The bioeconomy offers great opportunities for the European chemical industry to create new products, diversify its raw material base and reduce its dependence on non-renewable resources. Cefic fully supports the European Commission’s Bioeconomy Strategy with its three main action areas and its cross-policy approach.

In 2017, Cefic together with 28 other organizations from the industry, academia and NGO community signed the European Bioeconomy Stakeholders Manifesto, which presents the opportunities and challenges of developing a bioeconomy. One of the key recommendations to the EU and member state authorities is to stimulate market demand for renewable and resource-efficient products in order to further develop bioeconomy in the EU. The Manifesto also stressed the importance of making the shift towards a “circular bioeconomy”, meaning that only waste and residues that can’t be recycled or reused should be used for incineration with energy recovery. Primary resources should be kept in the loop for as long as possible.

From your perspective of CEO of a big chemical company and President of CEFIC, what are the main political measures do you think are needed to unleash all the potential of the circular bioeconomy in Europe?
Circular Economy is one of the biggest market opportunities that can help deliver on the UN Sustainable Development Goals. Giving value to wasted materials is not only beneficial for the environment, but it also creates new jobs, spurs economic growth and responds to the call from society for more responsible production and consumption patterns. The chemical industry plays a key role in enabling both circular and bio-economy as it provides solutions and technologies for recycling and reuse as well as for the use of renewable resources.

The existing policy framework still needs to be adapted to help create successful business models based on the circularity principle to achieve the ambition of EU governments to move Europe towards a more low-carbon and circular economy.

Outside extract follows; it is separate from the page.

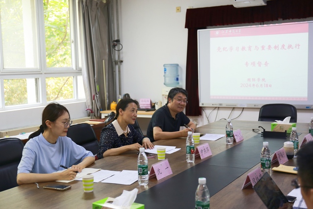 学院党政主要领导做表态发言,表示未来学院将进一步抓实抓严抓细党纪学习教育各项工作,严格落实重要制度执行,切实将本次检查中发现的问题和不足作为改进提升的重要契机,将党纪学习教育融入日常、抓在经常;进一步完善重要事项执行监督反馈体系,提升学院党政议事决策质量水平。同时,学院将继续坚决贯彻各项重要制度的执行,将本次检查中发现的不足视为推动工作改进和提升的重要契机,继续不折不扣落实学校党委决策部署,推动党纪学习教育往深里走、往实里走,为推进学校国际教育事业高质量发展提供坚强纪律保障。
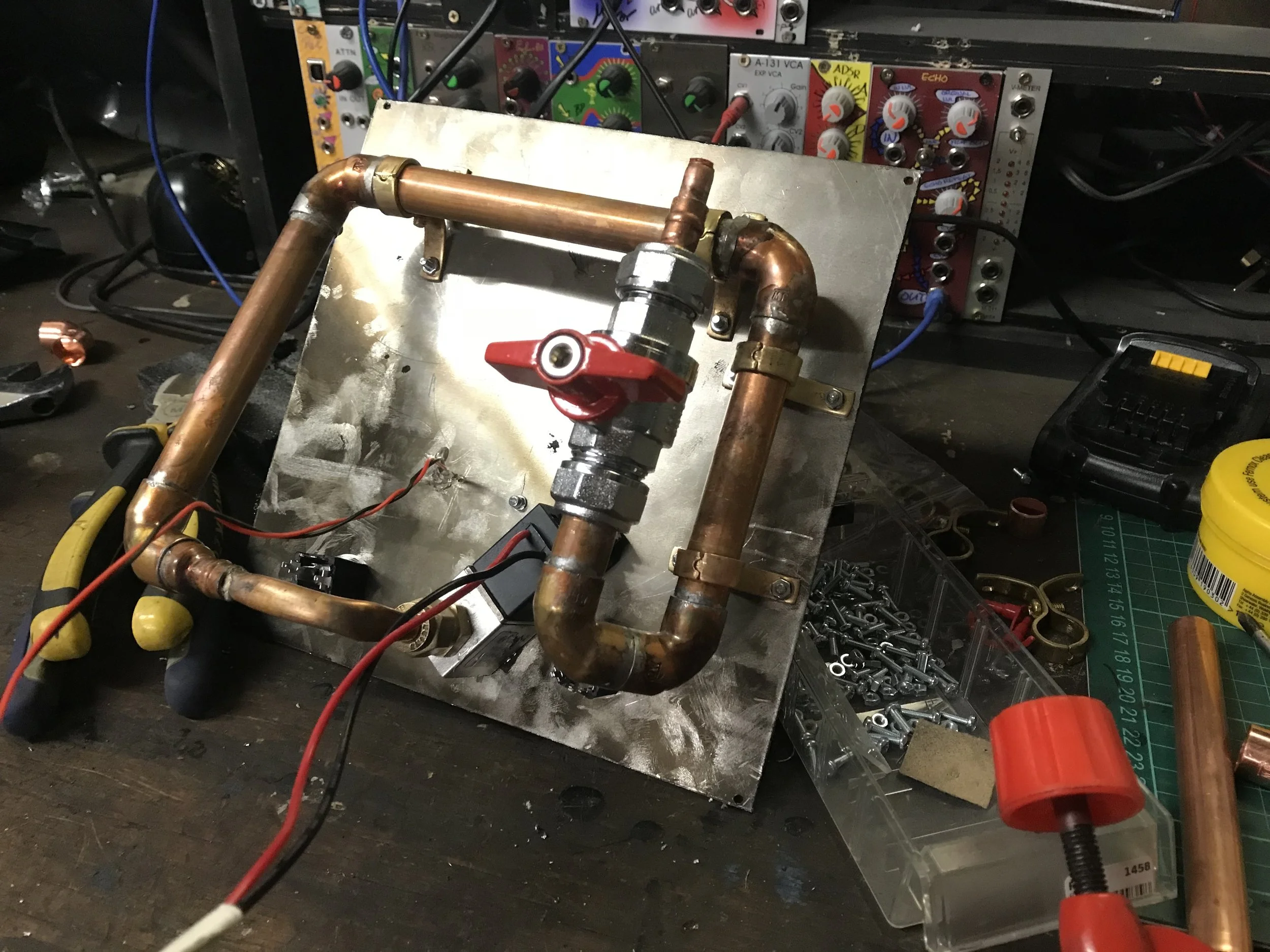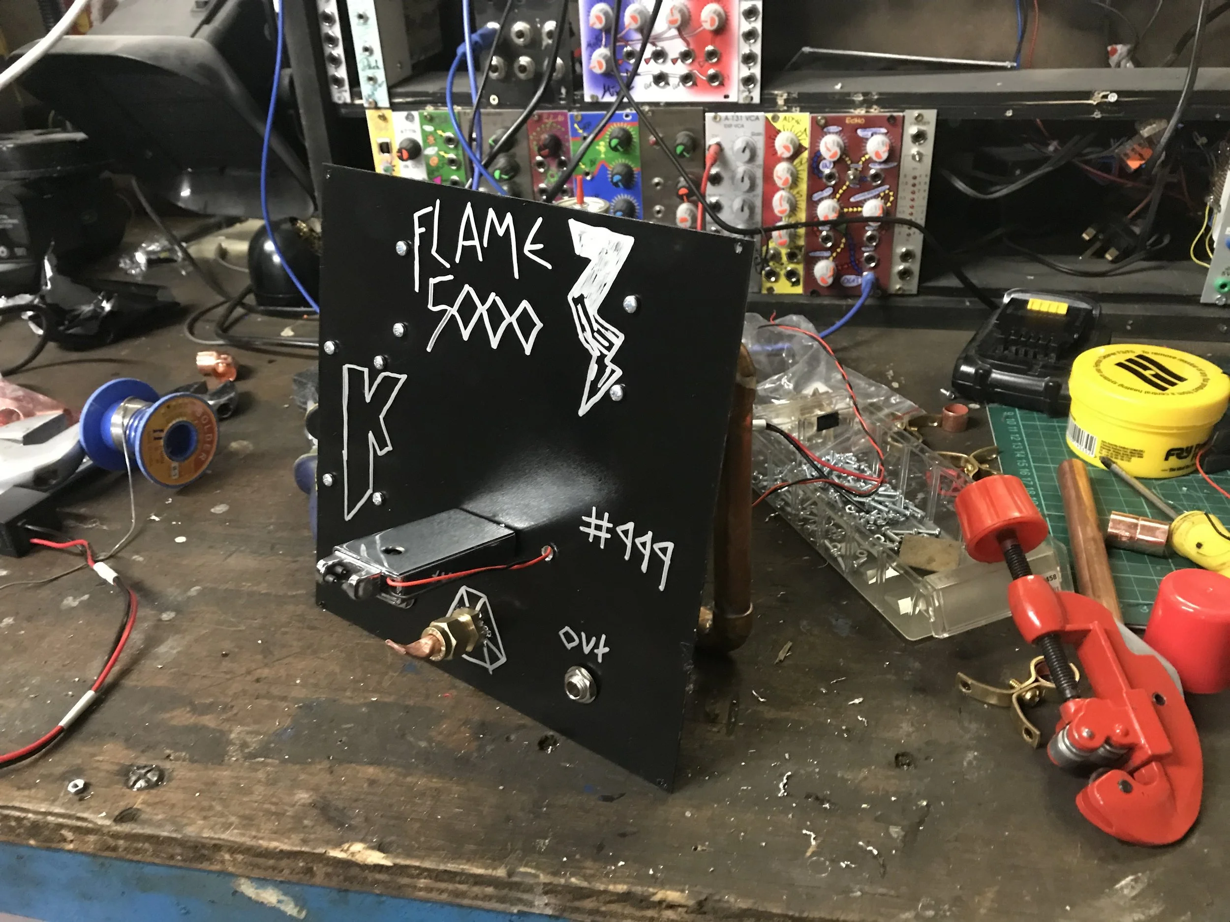 built with an arduino, some copper pipe, a solenoid and a couple of relays! and runs off lighter fluid!

Most of the existing policy frameworks operate under the linear economy principles, which slows down the development of circular value chains. It is important to implement a cross-sectoral and coordinated approach to ensure that all relevant EU policies (e.g. chemicals, waste, product policies) are based on the circular economy principles. For example, the harmonization of waste policies at EU level and the creation of a Single market of materials where resources (materials, substances) can be easily transported, traded and used will significantly accelerate recycling along the value chain.

Europe needs also a progressive environment to overcome the innovation ‘valley of death’ and bridge the gap from research to the marketplace. This should be done through joint public-private partnerships.

Furthermore, a fit-for-purpose information system on chemicals in products needs to be improved. For example, communication in the value chain about the substances in products: this will help ensure that all actors of the value chain are aware about the presence of chemical substances in the end product and can pass the information on to a recycler. This system will help recyclers remove problematic substances from waste before recycling.